Solutions Tutorial 3

Forecasting Fertility

This question focuses on univariate modeling and prediction. You will model the fertility rate using the FERTIL3.DTA dataset. Import it into R/Python/Stata and

Fit an Autoregressive, AR(p), model. Use the Akaike information criterion to select the optimal number of lags, p.

The output from R is a bit different from the Python/Stata output due to implementational differences.

library(haven)
url <- 'https://github.com/basm92/ee_website/raw/refs/heads/master/tutorials/datafiles/FERTIL3.DTA'
fertil <- read_dta(url)
# Estimate a number of models (up to 8)
# Using AIC with ar() function
ar_model <- ar(fertil$gfr, aic=TRUE, order.max=10)
ar_model$order  # Optimal order based on AIC

[1] 2

The output from Python is a bit different from the R output due to implementational differences.

import pandas as pd
from statsmodels.tsa.ar_model import ar_select_order

# URL for the Stata data file
url = 'https://github.com/basm92/ee_website/raw/refs/heads/master/tutorials/datafiles/FERTIL3.DTA'

# Read the data using pandas (equivalent to haven::read_dta)
fertil = pd.read_stata(url)

# Select the optimal AR model order using AIC
# This is equivalent to R's ar.ols(fertil$gfr, aic=TRUE, order.max=10)
selection_result = ar_select_order(fertil['gfr'], maxlag=10, ic='aic')
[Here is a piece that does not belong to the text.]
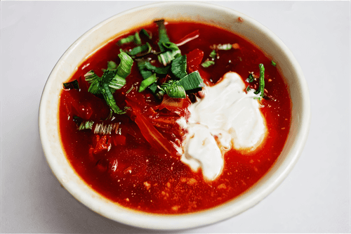 Meat borscht is a soulful Ukrainian dish that embodies the generosity and warmth of home cooking. Its deep ruby color is thanks to beets, while the rich flavor unfolds through meat broth, cabbage, and roots. The secret to perfect borscht lies in the harmony of sweet and sour notes provided by vinegar and sugar. This soup is more than just food; it is a symbol of hospitality that brings families together at one table. Borscht is traditionally served with sour cream that softens its brightness and with garlic pampushki. It tastes great fresh or the next day when its flavor becomes even richer. This recipe allows you to make a hearty, rich borscht that warms and delights—a true gastronomic pleasure infused with the spirit of Ukrainian cuisine.
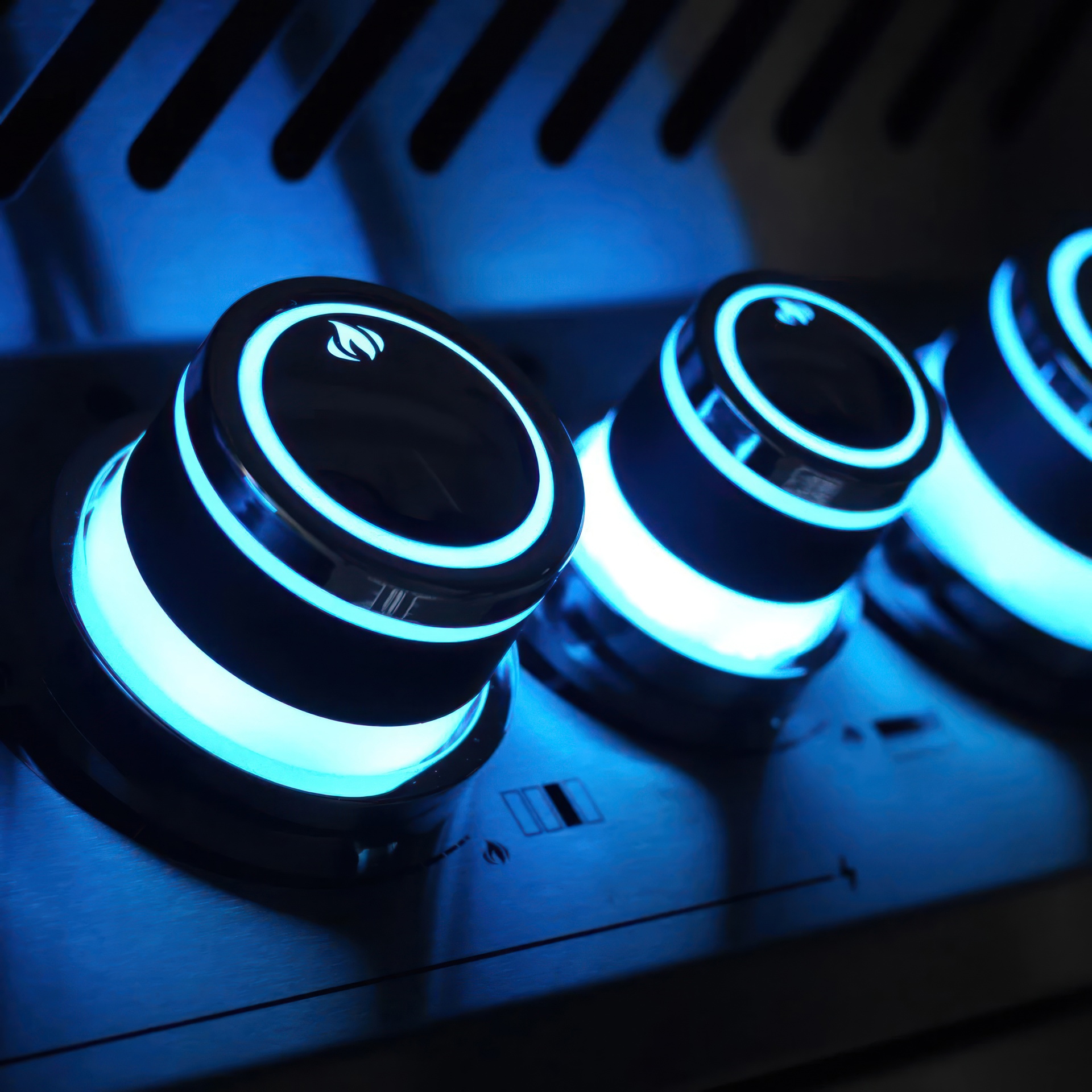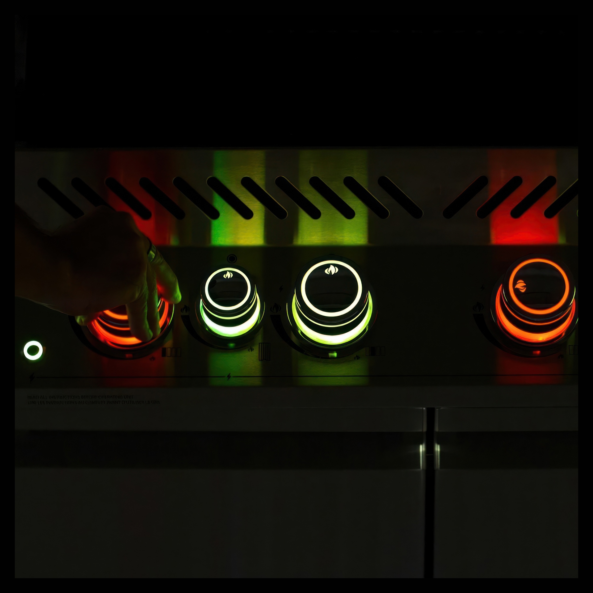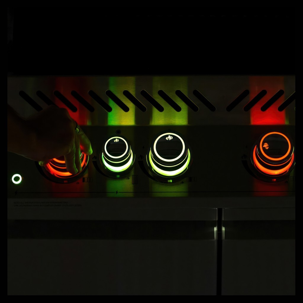 NIGHT LIGHT control knobs with LEDs in nearly unlimited colors make it easy to cook in the evening; they also light up red when the gas is on for added safety.

# Print the optimal order (equivalent to ar_model$order)
print(selection_result.model._k_ar)

The output from Stata is a bit different from the R/Python output due to implementational differences.

* 1. Clear any existing data and load the .dta file from the URL
use "https://github.com/basm92/ee_website/raw/refs/heads/master/tutorials/datafiles/FERTIL3.DTA", clear

* 2. Declare the data as a time series, using the 'year' variable as the time index
tsset year

* 3. Run the lag-order selection command for the 'gfr' variable
* This command calculates various criteria (including AIC) for models with 1 up to 10 lags.
* The asterisk (*) in the output table marks the optimal lag for each criterion.
varsoc gfr, maxlag(10)

Using an autoregressive specification with 2 lags, compute (by hand) a forecast of two periods into the future.
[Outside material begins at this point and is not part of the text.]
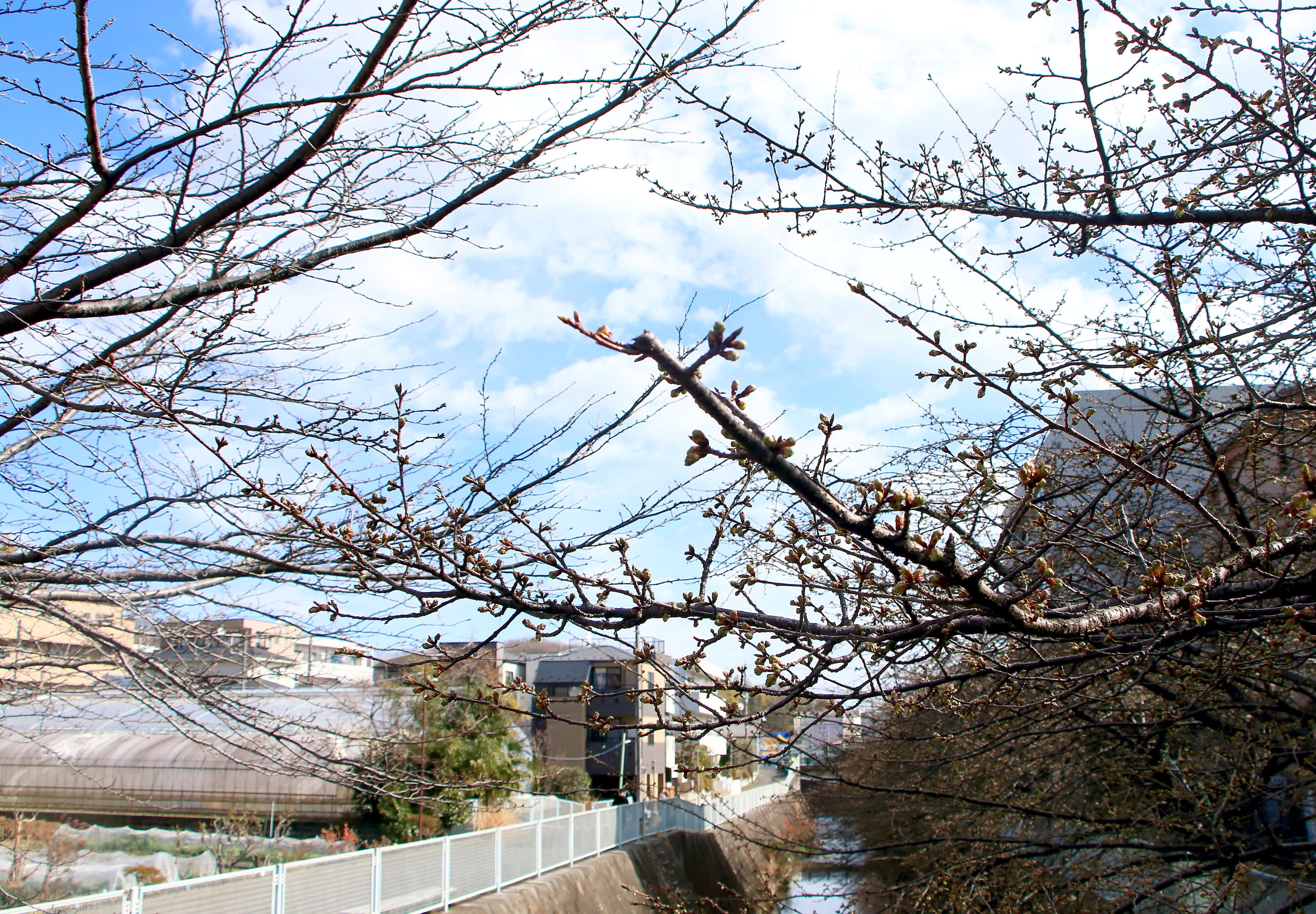 小田急線生田駅近くの五反田川沿い(川崎市多摩区生田)で、河津桜が咲き始めました。まだほんの数えるほどですが、ピンク色の可憐な花を見つけました。これからどんどん咲いてくると思います。

Since the optimal order is 2, we need 2 observations to make our prediction for the next period:

# Get the necessary ingredients for the forecasts
p <- ar_model$order
coeffs <- ar_model$ar
intercept <- ar_model$x.mean * (1 - sum(coeffs))
last_values <- tail(fertil$gfr, p) # Get the last p observations needed for the forecast

# Forecast for period T+1
# Formula: forecast = intercept + (coeff_1 * Y_T) + (coeff_2 * Y_{T-1}) + ...
forecast_1 <- intercept + sum(coeffs * rev(last_values))
forecast_1

[1] 67.30149

# Forecast for period T+2
# We need to update the "last_values" vector by prepending our first forecast
# and dropping the oldest observation.
new_values <- c(forecast_1, last_values[-p])
forecast_2 <- intercept + sum(coeffs * new_values)
forecast_2

[1] 69.42403

from statsmodels.tsa.ar_model import AutoReg
import pandas as pd

# Step 1: Estimate a model with lag 2
model = AutoReg(fertil['gfr'], lags = 2).fit()

# Step 2: Get the last two observed values required for the forecast ---
y_T = fertil.iloc[-1]['gfr']      # The last value in the series, Y(t)
y_T_minus_1 = fertil.iloc[-2]['gfr'] # The second to last value, Y(t-1)
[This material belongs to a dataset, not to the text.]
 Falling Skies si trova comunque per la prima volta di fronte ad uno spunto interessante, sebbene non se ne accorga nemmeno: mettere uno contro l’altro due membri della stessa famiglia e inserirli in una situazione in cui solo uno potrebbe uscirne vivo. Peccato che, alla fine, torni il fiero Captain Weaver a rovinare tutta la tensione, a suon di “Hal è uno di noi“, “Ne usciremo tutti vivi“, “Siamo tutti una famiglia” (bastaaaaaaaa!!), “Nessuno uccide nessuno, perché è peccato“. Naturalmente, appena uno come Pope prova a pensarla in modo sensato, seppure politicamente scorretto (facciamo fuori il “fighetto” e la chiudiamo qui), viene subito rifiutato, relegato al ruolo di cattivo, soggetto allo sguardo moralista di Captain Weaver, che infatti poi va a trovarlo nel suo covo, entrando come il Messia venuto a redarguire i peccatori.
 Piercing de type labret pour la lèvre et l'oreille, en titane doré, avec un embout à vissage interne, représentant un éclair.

# Step 3: Extract the estimated parameters from the fitted model ---
params = model.params
intercept = params['const']
phi_1 = params['gfr.L1']
phi_2 = params['gfr.L2']

# Step 4: Prediction
# Forecast 1: Prediction for period T+1
forecast_1 = intercept + (phi_1 * y_T) + (phi_2 * y_T_minus_1)
# Forecast 2: Prediction for period T+2
# For this step, the predicted value 'forecast_1' becomes the new Y(t),
# and the previous Y(t) becomes the new Y(t-1).
forecast_2 = intercept + (phi_1 * forecast_1) + (phi_2 * y_T)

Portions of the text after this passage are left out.